PURSUANT TO SECTION 13 OR 15(d) OF THE

SECURITIES EXCHANGE ACT OF 1934

 

Date of Report (Date of earliest event reported):   September 30, 2015

 

Long Island Iced Tea Corp.
(Exact Name of Registrant as Specified in Charter)

 

Delaware   000-55448   47-2624098

(State or Other Jurisdiction

of Incorporation)

 

(Commission

File Number)

 

(IRS Employer

Identification No.)

 

116 Charlotte Avenue, Hicksville, NY   11801
(Address of Principal Executive Offices)   (Zip Code)

 

Registrant’s telephone number, including area code:   (855) 542-2832

 

N/A
(Former Name or Former Address, if Changed Since Last Report)

 

Check the appropriate box below if the Form 8-K filing is intended to simultaneously satisfy the filing obligation of Holdco under any of the following provisions (see General Instruction A.2. below):

 

¨Written communications pursuant to Rule 425 under the Securities Act (17 CFR 230.425)

 

¨Soliciting material pursuant to Rule 14a-12 under the Exchange Act (17 CFR 240.14a-12)

 

¨Pre-commencement communications pursuant to Rule 14d-2(b) under the Exchange Act (17 CFR 240.14d-2(b))

 

¨Pre-commencement communications pursuant to Rule 13e-4(c) under the Exchange Act (17 CFR 240.13e 4(c))

 

 

 

 

ITEM 3.02.UNREGISTERED SALES OF EQUITY SECURITIES.

 

On September 30, 2015, Long Island Iced Tea Corp. (the “Company”) sold an aggregate of 72,750 units at a price of $4.00 per unit.
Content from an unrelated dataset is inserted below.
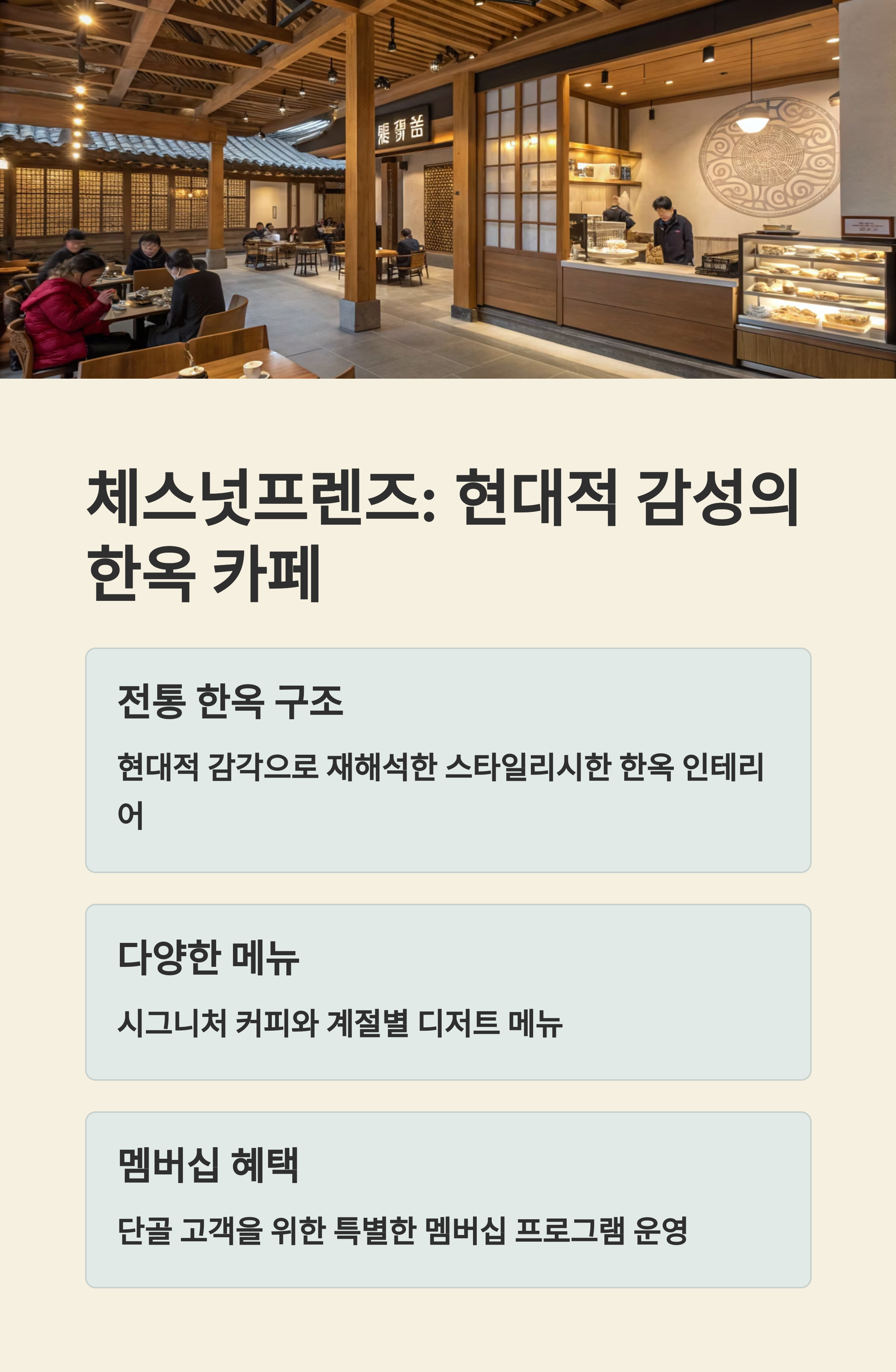 또한 한옥 스타일의 체스넛프렌즈는 전통과 모던함을 조화롭게 꾸며 놓아 이색적인 공간을 경험할 수 있습니다.

The sale is part of a private placement of up to $3,000,000 of units (the “Offering”) being conducted by the Company on a “best efforts” basis through a placement agent (the “Placement Agent”). The Offering will terminate on the earlier of the sale of the full $3,000,000 and October 30, 2015. The Company previously sold an aggregate of 65,500 units in the Offering on September 17, 2015. Accordingly, the Company has received total gross proceeds of $553,000 in Offering as of the date of this report.

 

The units consist of one share of the Company’s common stock and one warrant. The units are separable immediately upon issuance and are issued separately as shares of common stock and warrants.

 

Each warrant entitles the holder to purchase one share of the Company’s common stock at an exercise price of $6.00 per share, commencing immediately and expiring on September 17, 2018. The exercise price and number of shares of common stock issuable on exercise of the warrants are subject to adjustment in the event of any stock split, stock combination, stock dividend or reclassification of the common stock. In addition, in the event of a fundamental transaction, a holder of warrants will be entitled to receive, at the holder’s option, the number of shares of common stock of the successor corporation and any additional consideration that the holder would have been entitled to receive if the warrant had been exercised immediately prior to such fundamental transaction. The Company may call the warrants for redemption, in whole and not in part, at a price of $0.01 per warrant, if (i) the closing price per share of the common stock is at least $10.00 for 30 consecutive trading days ending on the third business day prior to the notice of redemption or (ii) the common stock is listed for trading on a national securities exchange and the closing price per share of common stock on the first day of trading on such exchange is at least $7.50. The right to exercise will be forfeited unless the warrants are exercised prior to the date specified in the notice of redemption. On and after the redemption date, a record holder of a warrant will have no further rights except to receive the redemption price for such holder’s warrant upon surrender of such warrant.

 

Pursuant to the subscription agreement entered into with each of the investors in the Offering, the investors have certain “piggyback” registration rights covering the resale of the shares of common stock to be sold in this Offering and the shares of common stock underlying the warrants.

 

The Placement Agent is entitled to a commission equal to (a) 10% of the aggregate purchase price from the units sold to investors introduced to the Company by the Placement Agent, and (b) 5% of the aggregate purchase price from the units sold to investors that were not introduced to the Company by the Placement Agent. In addition, the Company will pay the Placement Agent a non-accountable expense allowance equal to 3% of the aggregate purchase price from the units sold to investors introduced to the Company by the Placement Agent. At the final closing, the Placement Agent also will receive warrants to purchase a number of shares of the Company’s common stock equal to 10% of the total shares included in the units sold in the Placement, with an exercise price of $6.00 per share. Furthermore, if the Company sells the full $3,000,000 of units in the Placement, for the 12 month period commencing on the final closing of the Placement, the Placement Agent will have a right of first refusal to act as passive bookrunner with respect to any proposed underwritten public distribution or private placement of the Company’s securities. The Company also previously paid the Placement Agent a $15,000 commitment fee. The Company has accrued or paid to the Placement Agent an aggregate of $70,090 in commissions, fees and expenses as of the date of this report.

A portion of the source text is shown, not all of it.